Data for processing –
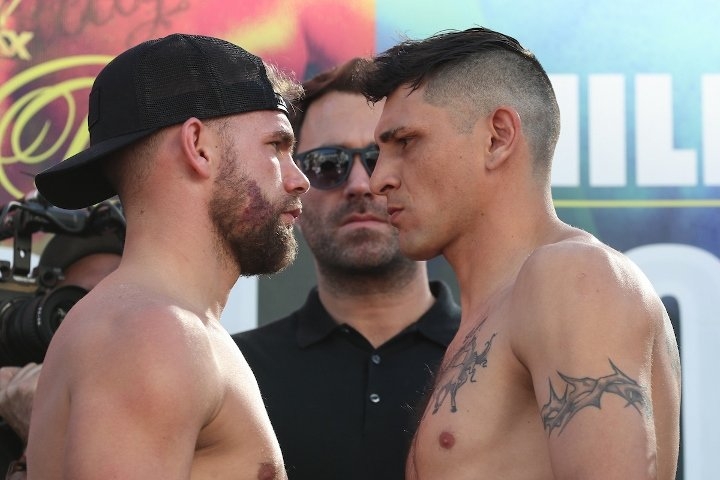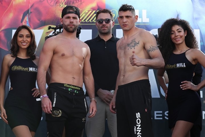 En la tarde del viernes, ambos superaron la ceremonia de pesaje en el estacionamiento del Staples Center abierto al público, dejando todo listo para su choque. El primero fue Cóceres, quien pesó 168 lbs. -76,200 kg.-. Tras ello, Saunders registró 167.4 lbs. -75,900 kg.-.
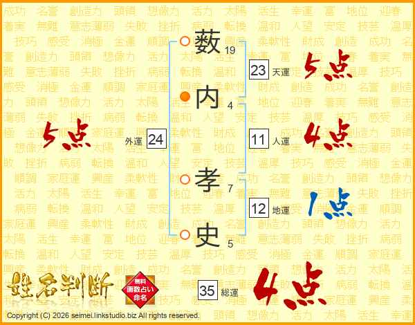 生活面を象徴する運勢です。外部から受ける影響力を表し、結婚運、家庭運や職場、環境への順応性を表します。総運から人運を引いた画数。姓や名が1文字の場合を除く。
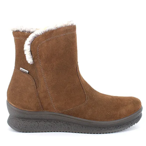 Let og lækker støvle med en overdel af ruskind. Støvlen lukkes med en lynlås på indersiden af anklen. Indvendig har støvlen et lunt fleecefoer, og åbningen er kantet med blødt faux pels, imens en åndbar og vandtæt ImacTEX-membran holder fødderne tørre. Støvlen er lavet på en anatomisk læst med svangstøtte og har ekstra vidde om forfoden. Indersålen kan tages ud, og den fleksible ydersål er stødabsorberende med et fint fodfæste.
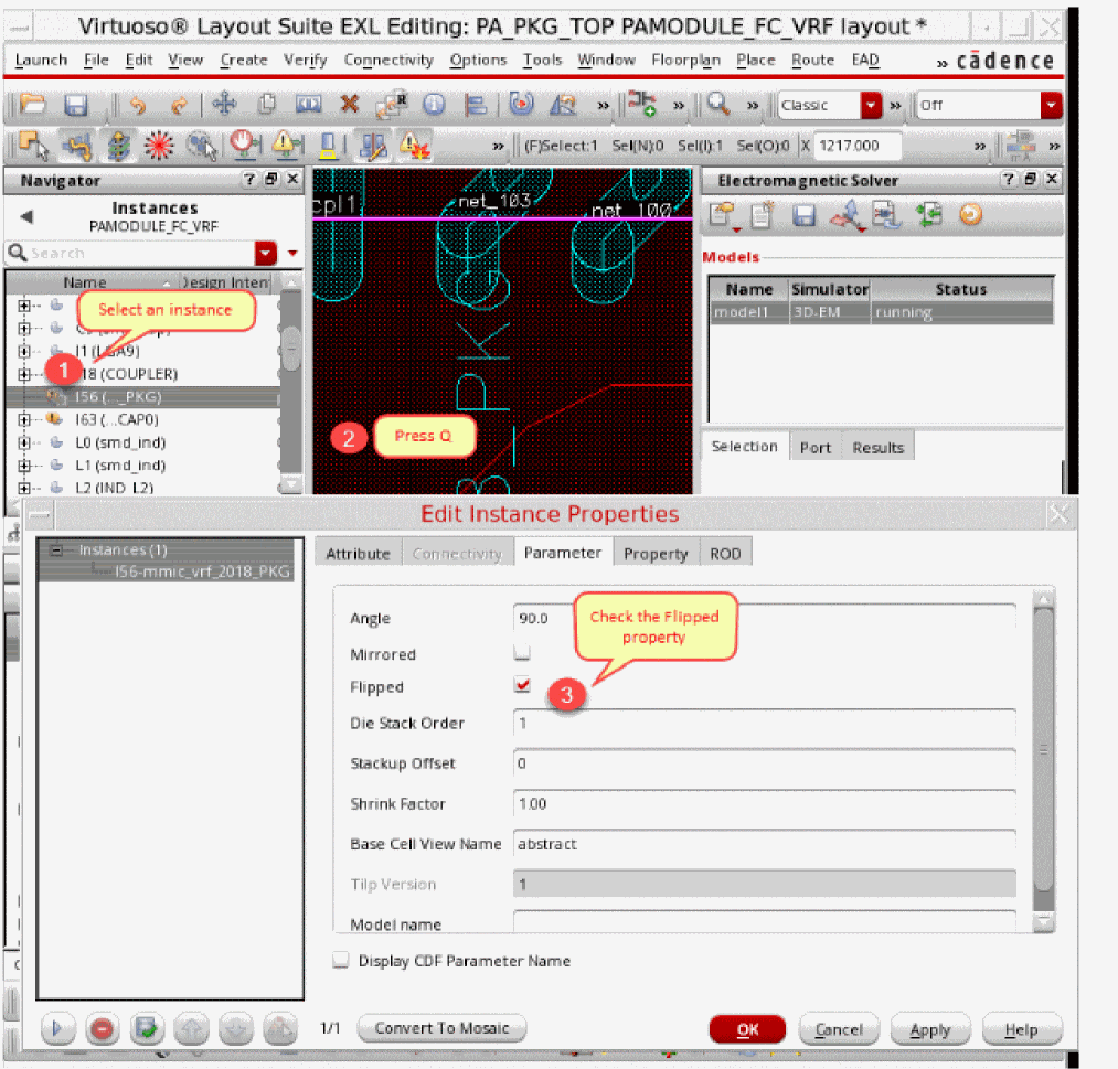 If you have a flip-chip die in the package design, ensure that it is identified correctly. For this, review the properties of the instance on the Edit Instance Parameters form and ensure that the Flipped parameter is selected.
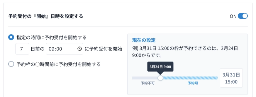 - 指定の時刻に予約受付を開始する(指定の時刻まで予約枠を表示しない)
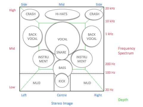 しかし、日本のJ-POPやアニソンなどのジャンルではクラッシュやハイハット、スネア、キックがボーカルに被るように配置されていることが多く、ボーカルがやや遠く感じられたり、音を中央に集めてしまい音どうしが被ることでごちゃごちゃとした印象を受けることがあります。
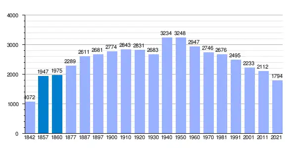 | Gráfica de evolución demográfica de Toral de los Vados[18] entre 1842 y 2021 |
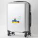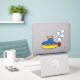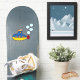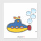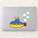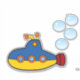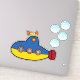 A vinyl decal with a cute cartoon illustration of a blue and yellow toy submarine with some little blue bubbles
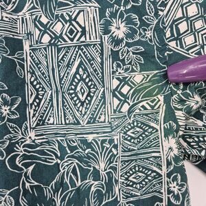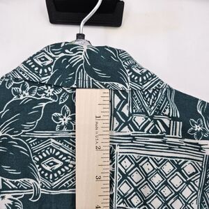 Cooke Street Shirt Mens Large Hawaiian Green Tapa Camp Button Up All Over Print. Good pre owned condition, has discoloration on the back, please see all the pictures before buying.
...
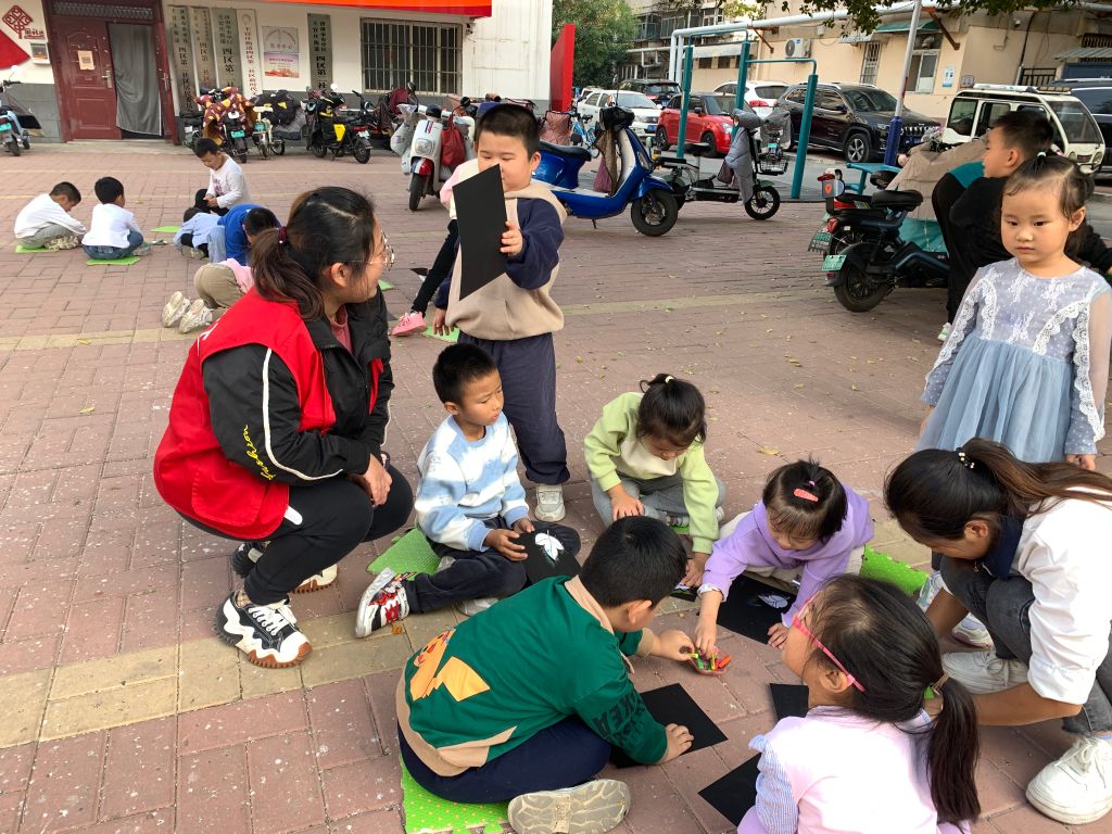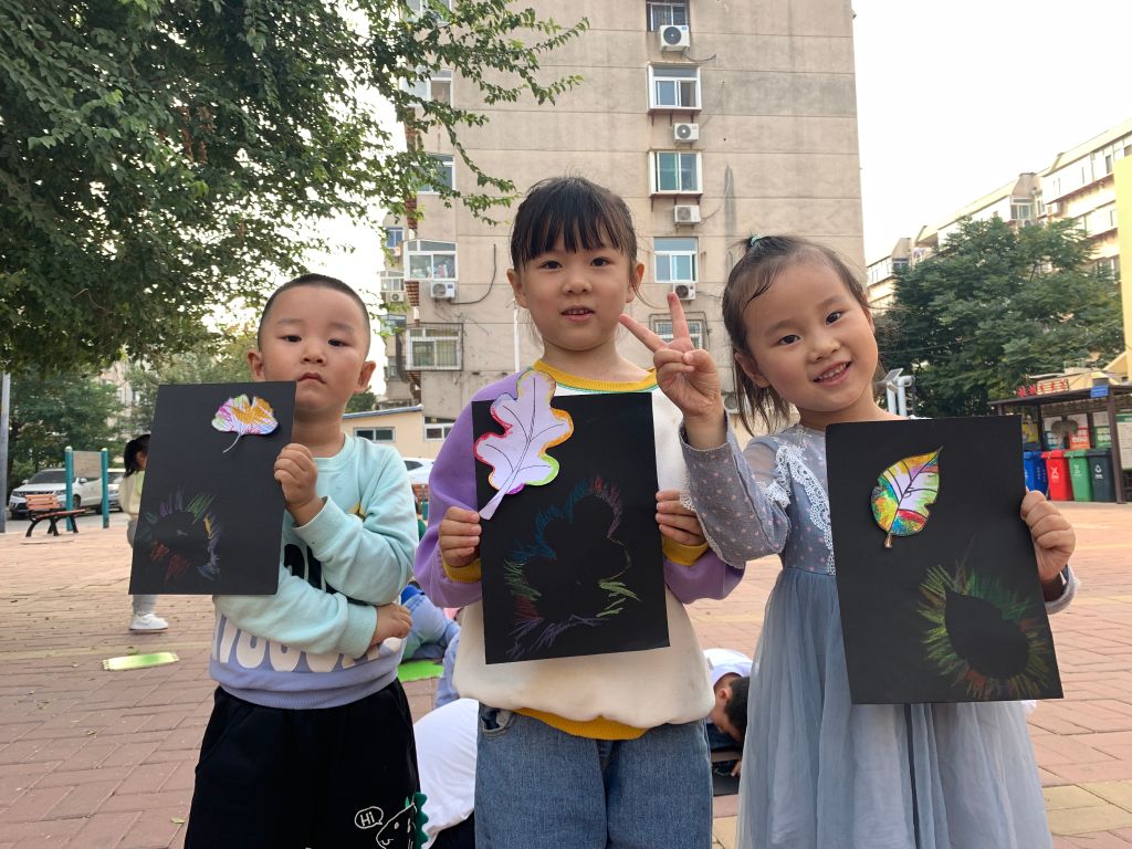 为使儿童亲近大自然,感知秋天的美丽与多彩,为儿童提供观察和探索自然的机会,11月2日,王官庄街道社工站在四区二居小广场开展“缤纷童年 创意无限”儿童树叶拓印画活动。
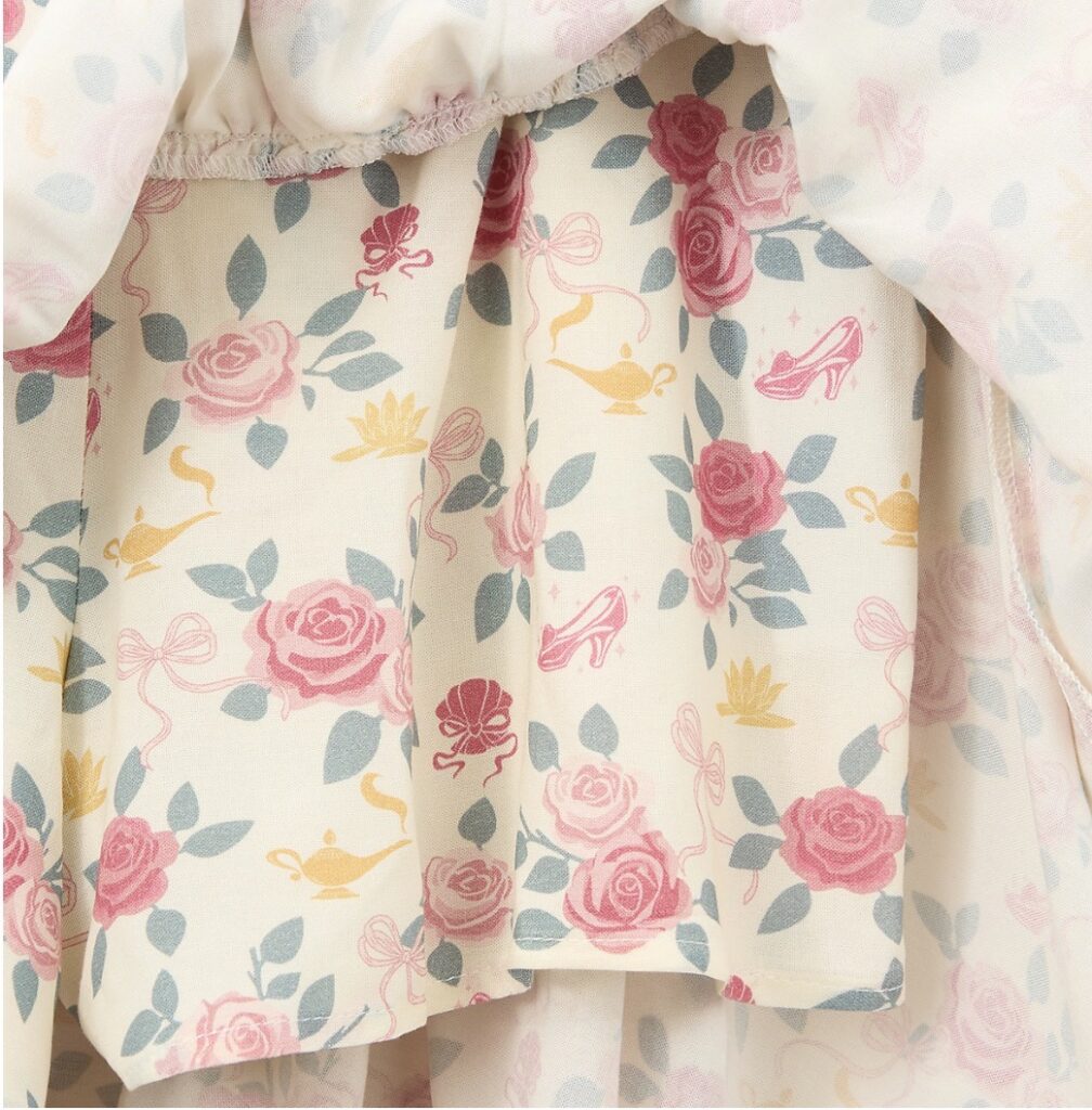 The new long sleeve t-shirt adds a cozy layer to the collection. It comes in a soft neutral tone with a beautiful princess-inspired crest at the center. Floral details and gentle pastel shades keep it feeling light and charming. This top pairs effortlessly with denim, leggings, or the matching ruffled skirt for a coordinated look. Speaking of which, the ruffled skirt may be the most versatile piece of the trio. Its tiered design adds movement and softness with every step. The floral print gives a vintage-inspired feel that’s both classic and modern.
--
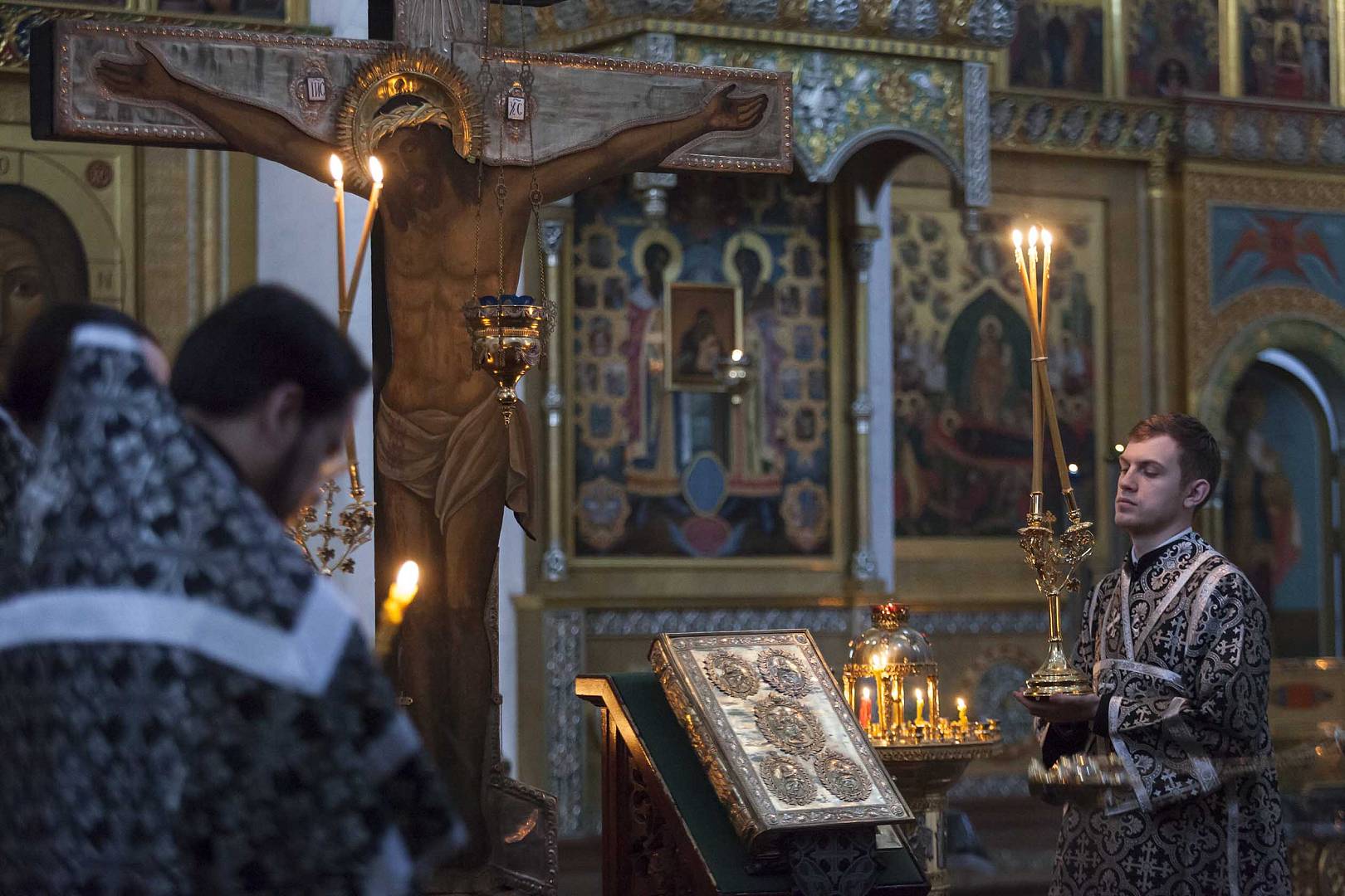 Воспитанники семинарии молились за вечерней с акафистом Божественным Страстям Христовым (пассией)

Directions for this task – Starting at the line containing "- 指定の時刻に予約受付を開始する(指定の時刻まで予約枠を表示しない)" and stopping at the line containing "Cooke Street Shirt", output each line exactly as it appears above. Leave out the pictures.

Result for this task –
 - 指定の時刻に予約受付を開始する(指定の時刻まで予約枠を表示しない)
 しかし、日本のJ-POPやアニソンなどのジャンルではクラッシュやハイハット、スネア、キックがボーカルに被るように配置されていることが多く、ボーカルがやや遠く感じられたり、音を中央に集めてしまい音どうしが被ることでごちゃごちゃとした印象を受けることがあります。
 | Gráfica de evolución demográfica de Toral de los Vados[18] entre 1842 y 2021 |
 A vinyl decal with a cute cartoon illustration of a blue and yellow toy submarine with some little blue bubbles
 Cooke Street Shirt Mens Large Hawaiian Green Tapa Camp Button Up All Over Print. Good pre owned condition, has discoloration on the back, please see all the pictures before buying.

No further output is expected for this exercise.